#### GIVEN DATA

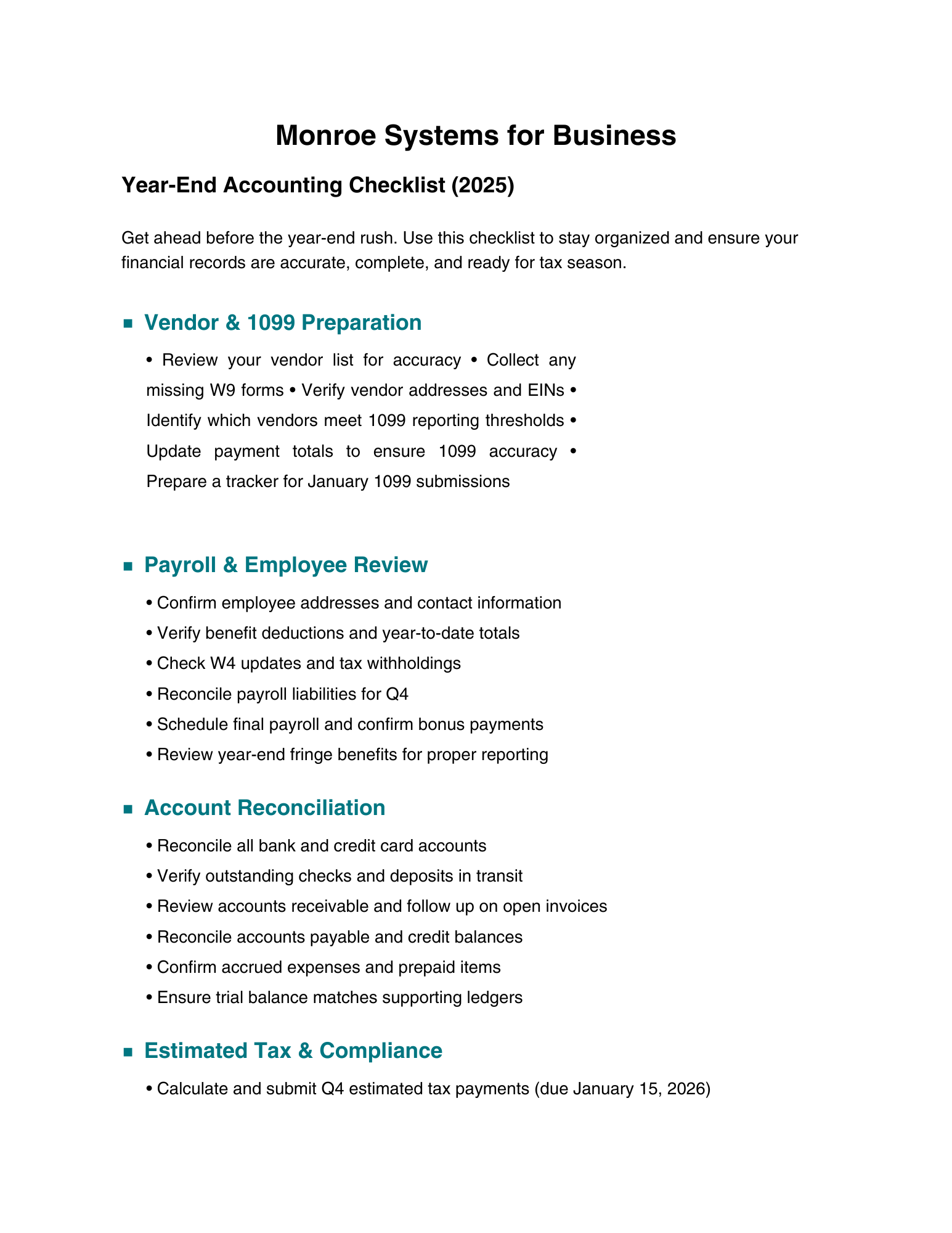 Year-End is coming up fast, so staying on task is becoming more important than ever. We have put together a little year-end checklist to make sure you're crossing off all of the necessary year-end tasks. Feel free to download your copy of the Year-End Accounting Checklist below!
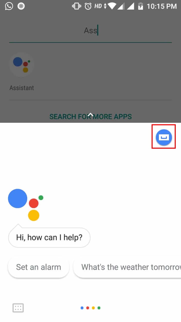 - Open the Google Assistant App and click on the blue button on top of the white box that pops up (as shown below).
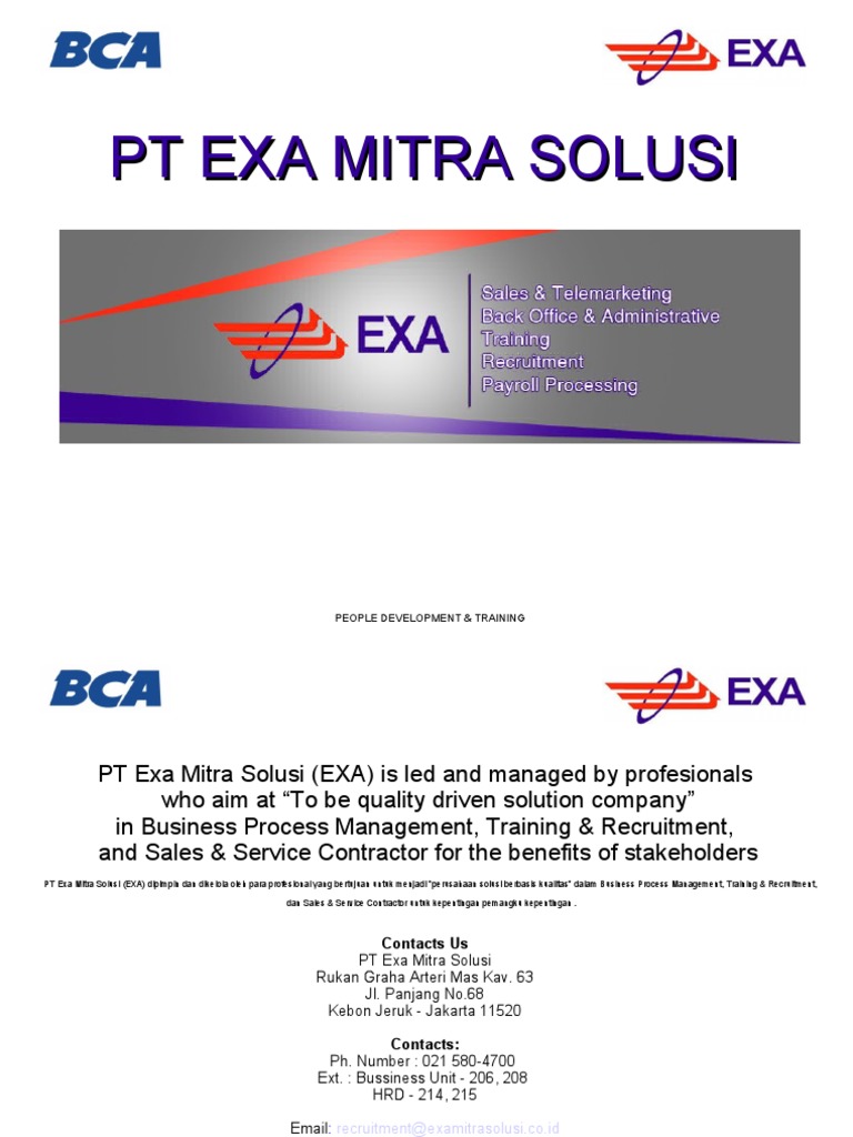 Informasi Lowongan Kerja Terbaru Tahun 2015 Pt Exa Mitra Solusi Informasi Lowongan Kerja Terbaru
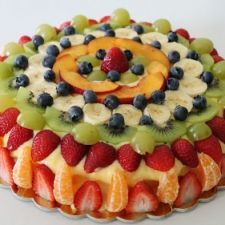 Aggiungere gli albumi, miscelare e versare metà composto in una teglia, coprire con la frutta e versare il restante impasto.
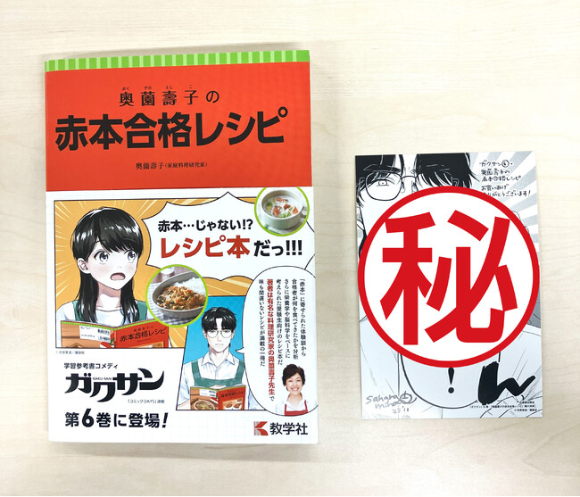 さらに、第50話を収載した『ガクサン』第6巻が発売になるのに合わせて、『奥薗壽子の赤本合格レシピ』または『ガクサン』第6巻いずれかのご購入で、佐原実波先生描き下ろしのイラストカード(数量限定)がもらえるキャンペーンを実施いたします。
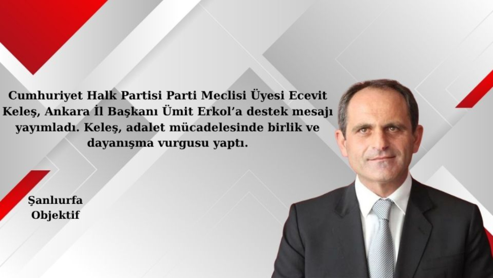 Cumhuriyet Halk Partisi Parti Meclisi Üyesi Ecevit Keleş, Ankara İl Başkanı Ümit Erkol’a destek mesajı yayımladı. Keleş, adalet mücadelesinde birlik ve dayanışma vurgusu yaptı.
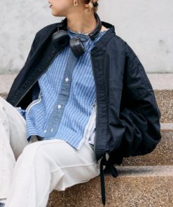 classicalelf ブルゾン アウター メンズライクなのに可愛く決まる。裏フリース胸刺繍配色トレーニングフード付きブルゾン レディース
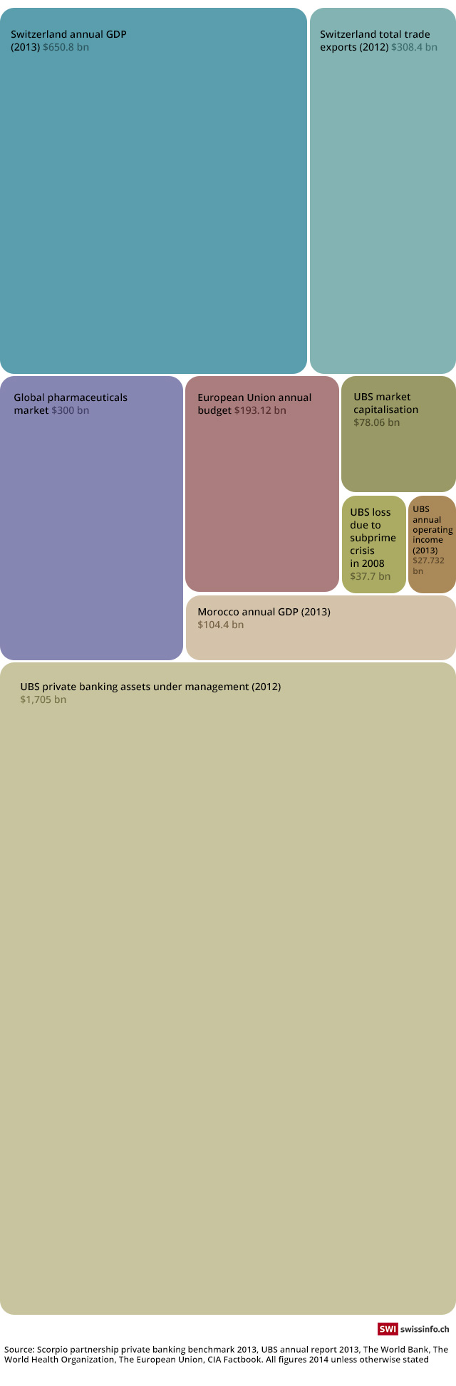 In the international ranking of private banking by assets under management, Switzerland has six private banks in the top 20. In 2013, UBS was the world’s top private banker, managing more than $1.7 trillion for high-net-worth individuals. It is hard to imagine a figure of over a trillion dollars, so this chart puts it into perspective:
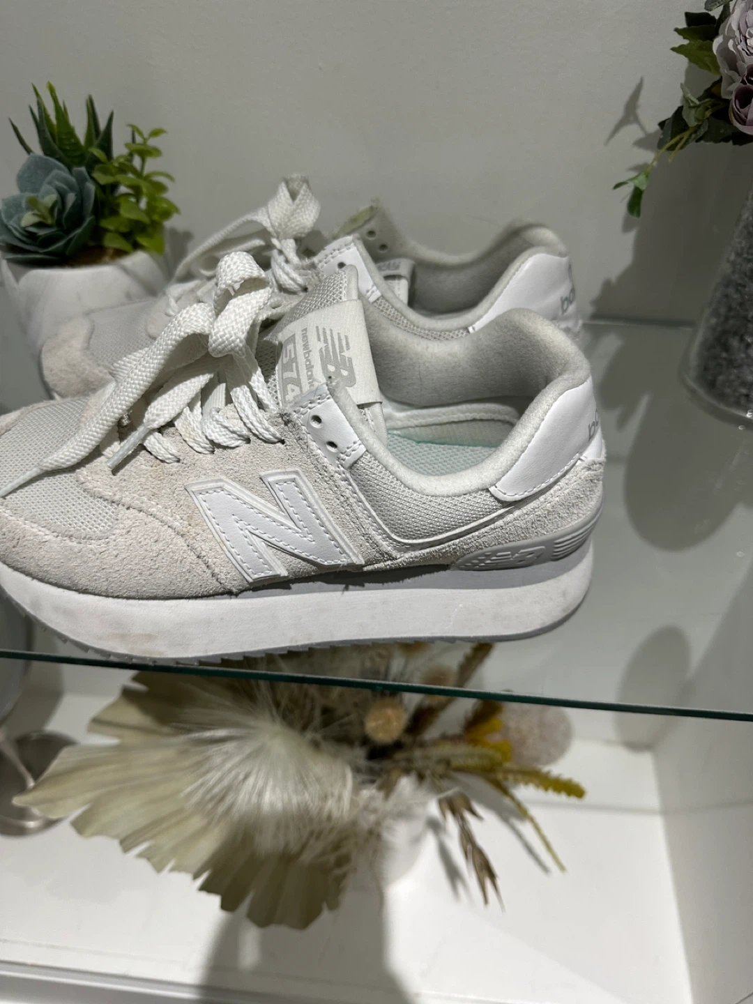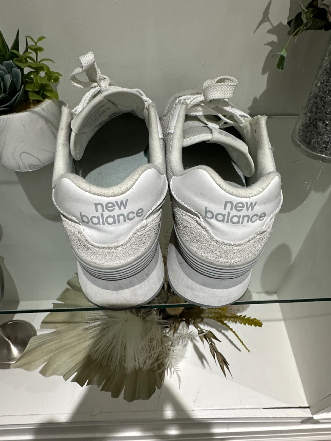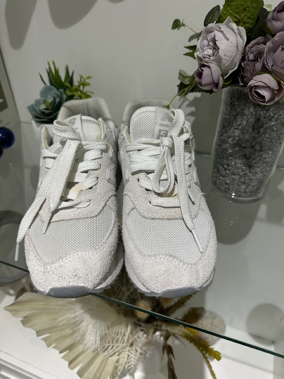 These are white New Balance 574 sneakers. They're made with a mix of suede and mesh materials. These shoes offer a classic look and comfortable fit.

########

**ASSIGNMENT:** Each line above starting at the one holding "- Open the Google" and ending at the one holding "Informasi Lowongan Kerja Terbaru Tahun" should be set down exactly as it stands, both ends included, with no pictures.

**COMPLETED TASK:**
 - Open the Google Assistant App and click on the blue button on top of the white box that pops up (as shown below).
 Informasi Lowongan Kerja Terbaru Tahun 2015 Pt Exa Mitra Solusi Informasi Lowongan Kerja Terbaru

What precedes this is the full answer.